Methods - Patients: included in the French nationwide cohort of early arthritis ESPOIR (at least 2 swollen joints for less than 6 months and suspicion of RA). - Data available: EQ-5D and SF-6D utility measures were assessed in 813 patients with EA. Bio-clinical variables and X-rays were also recorded. - Analysis: The determinants of EQ-5D and SF-6D at baseline were assessed by multivariate linear regression. Multivariate linear and logistic regressions were used to determine which specific aspects of early arthritis were independently associated with the difference between the 2 utility measures (continuous and dichotomous: |SF-6D – EQ5D|>0.03, minimal important difference, MID) [ref].

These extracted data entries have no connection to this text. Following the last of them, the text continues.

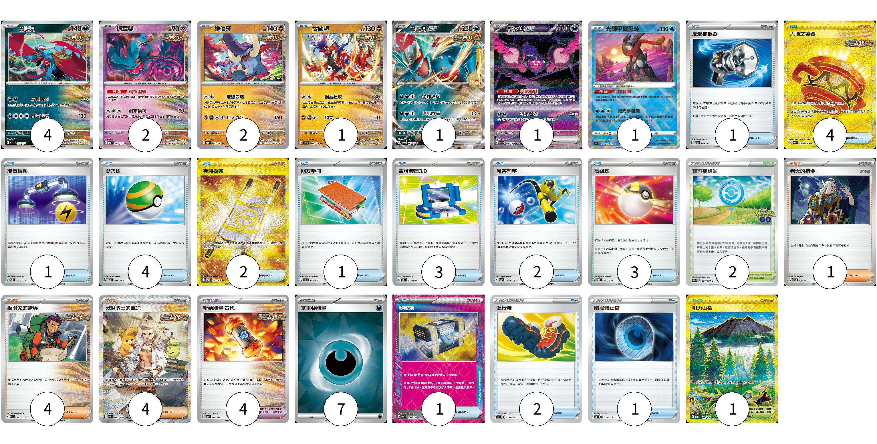 牌組構築方案 以此牌組為基礎新構築牌組 顯示卡面 顯示列表 寶可夢卡(12) 4 2 2 1 1 1 1 寶可夢道具(4) 4 物品卡(25) 1 4 1 4 2 1 3 2 3 1 2 1 支援者卡(9) 1 4 4 競技場卡(3) 2 1 能量卡(7) 7 寶可夢卡(12) 卡牌名稱 張數 卡牌名稱 張數 轟鳴月 SV5K 051/071 04 振翼髮 SV5K 033/071 02 雄偉牙 SV5K 042/071 02 故勒頓 SV8 069/106 01 轟鳴月ex SV-P 167/SV-P 01 桃歹郎ex SV6a 090/064 01 光輝甲賀忍蛙 S9a 026/067 01 寶可夢道具(4) 卡牌名稱 張數 卡牌名稱 張數 驅勁能量 古代 SVHK 016/022 04 物品卡(25) 卡牌名稱 張數 卡牌名稱 張數 反擊捕捉器 SVK 009/042 01 大地之容器 SV6a 093/064 04 能量轉移 SVAM 012/023 01 巢穴球 SVK 016/042 04 夜間擔架 SV8 137/106 02 朋友手冊 SVK 014/042 01 寶可裝置3.0 SVAL 015/021 03 厲害釣竿 SV2P 066/071 02 高級球 SVEM 013/020 03 秘密箱 SV6 092/101 01 健行鞋 SVF 015/038 02 暗黑修正檔 SVF 014/038 01 支援者卡(9) 卡牌名稱 張數 卡牌名稱 張數 老大的指令 SVK 036/042 01 探險家的嚮導 SV5K 067/071 04 奧琳博士的氣魄 SV4K 091/066 04 競技場卡(3) 卡牌名稱 張數 卡牌名稱 張數 寶可補給站 S10b 071/071 02 引力山岳 SV8 138/106 01 能量卡(7) 卡牌名稱 張數 卡牌名稱 張數 基本【惡】能量 SVK DAR 07 以此牌組為基礎新構築牌組 牌組編碼 jZnsmf-MYgOHE-vlpaXx copy 列印牌組單 牌組編碼已複製 分享至SNS
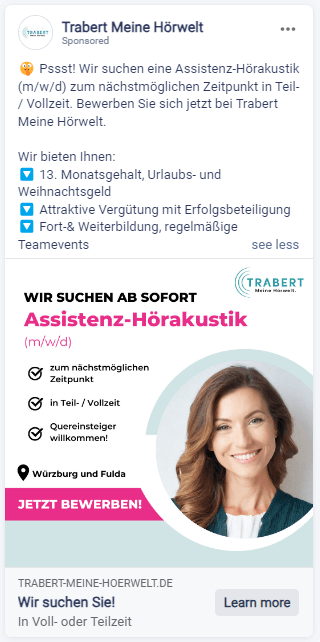 Ein bedeutender Vorteil liegt darin, dass Social Media es Ihnen ermöglicht, auch latente Wechselkandidaten zu erreichen. Diese Mitarbeiter denken derzeit möglicherweise nicht aktiv über einen Jobwechsel nach, sind jedoch offen für neue berufliche Möglichkeiten, wenn sie überzeugende Angebote sehen. Diese attraktiven Stellenangebote werden den Kandidaten in Form von Werbeanzeigen präsentiert, während sie durch ihren Newsfeed auf den Plattformen scrollen. Auf diese Weise schaffen Sie mehrere Interaktionspunkte, die qualifizierte Talente immer wieder auf Ihre spannenden Karrieremöglichkeiten hinweisen. Besonders im Hinblick auf hochqualifizierte Fachkräfte, die bereits in einer festen Position sind und nicht aktiv Jobs suchen, gewinnt dieser Ansatz zunehmend an Bedeutung.
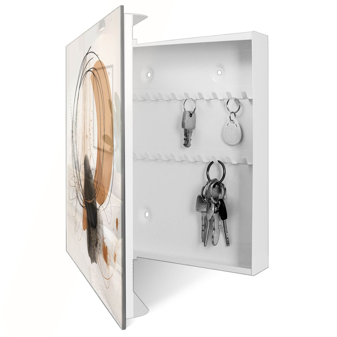 Bringe Ordnung und Eleganz in deinen Eingangsbereich mit dem banjado Schlüsselkasten Motiv Motiv Abstrakte Kreisformen. Die moderne Schlüsselbox kombiniert funktionales Design mit hochwertiger Verarbeitung und wird so zu einem echten Hingucker in Flur, Büro oder Ferienwohnung. ✅ Stilvolle Schlüsselaufbewahrung mit Glasfront im Motiv Motiv Abstrakte Kreisformen Der Design-Schlüsselkasten Motiv Motiv Abstrakte Kreisformen bietet Platz für bis zu 50 Schlüssel, die auf 5 stabilen Reihen mit je 10 Haken übersichtlich verstaut werden. Mit seinen kompakten Maßen von 30 x 30 x 5 cm passt die Schlüsselbox perfekt auch in kleinere Räume. Der weiß lackierte Stahlkorpus mit rechts angeschlagenem Türscharnier harmoniert mit der Glasfront und fügt sich nahtlos in jedes Wohnambiente ein. Ob als Schlüsselorganizer für Zuhause oder als praktische Lösung für Büros, Praxen und Gewerbe, der banjado Schlüsselkasten sorgt für Ordnung und Übersicht. Dank der magnetischen, mit Kreidestiften beschreibbaren Glasfront kannst du Notizen anheften oder Termine direkt auf der Oberfläche festhalten. Die Schlüsselbox Motiv Motiv Abstrakte Kreisformen zur Wandmontage wird inklusive Befestigungsmaterial geliefert und ist schnell angebracht. So hast du deine Schlüssel jederzeit griffbereit und zugleich stilvoll verstaut. Mit diesem banjado Schlüsselkasten Motiv Motiv Abstrakte Kreisformen kombinierst du praktische Aufbewahrung mit stilvollem Wohndesign. Ob privat oder geschäftlich, die Schlüsselbox sorgt für mehr Ordnung, Übersicht und ein wohnliches Ambiente.Vorteile im Überblick

Results At baseline, mean values were 0.50±0.32 (range -0.53 to 1) for EQ-5D and 0.58±0.11 (range 0.30 to 0.92) for SF-6D. In the multivariate linear regression model, higher HAQ, lower mental component of the SF-36 (MCS), higher CRP, higher patient global assessment and be employed were significant determinants of a lower EQ-5D. HAQ and MCS scores explained 56 and 4% of the variance respectively. In the multivariate linear regression model, higher HAQ, lower MCS, higher DAS28, higher pain at rest, higher patient global evaluation, and be employed were significantly associated with lower SF-6D. HAQ and MCS scores explained 49 and 22% of the variance respectively. Higher difference between the 2 utility values (mean 0.083 [range -0.469 to 0.891]) was explained by higher HAQ, lower number of swollen joint count, and higher CRP. The majority of patients presented a difference between the 2 utility values>0.03=MID (88%). In the logistic regression model, only higher disability was associated with |SF-6D –EQ5D|>0.03: OR=1.68 [1.13;2.50].

Conclusions there is systematic disagreement between EQ-5D and SF-6D in EA, especially in patients with worse clinical outcomes. Higher functional disability was the key element leading to substantial difference between the 2 utility measures in EA patients.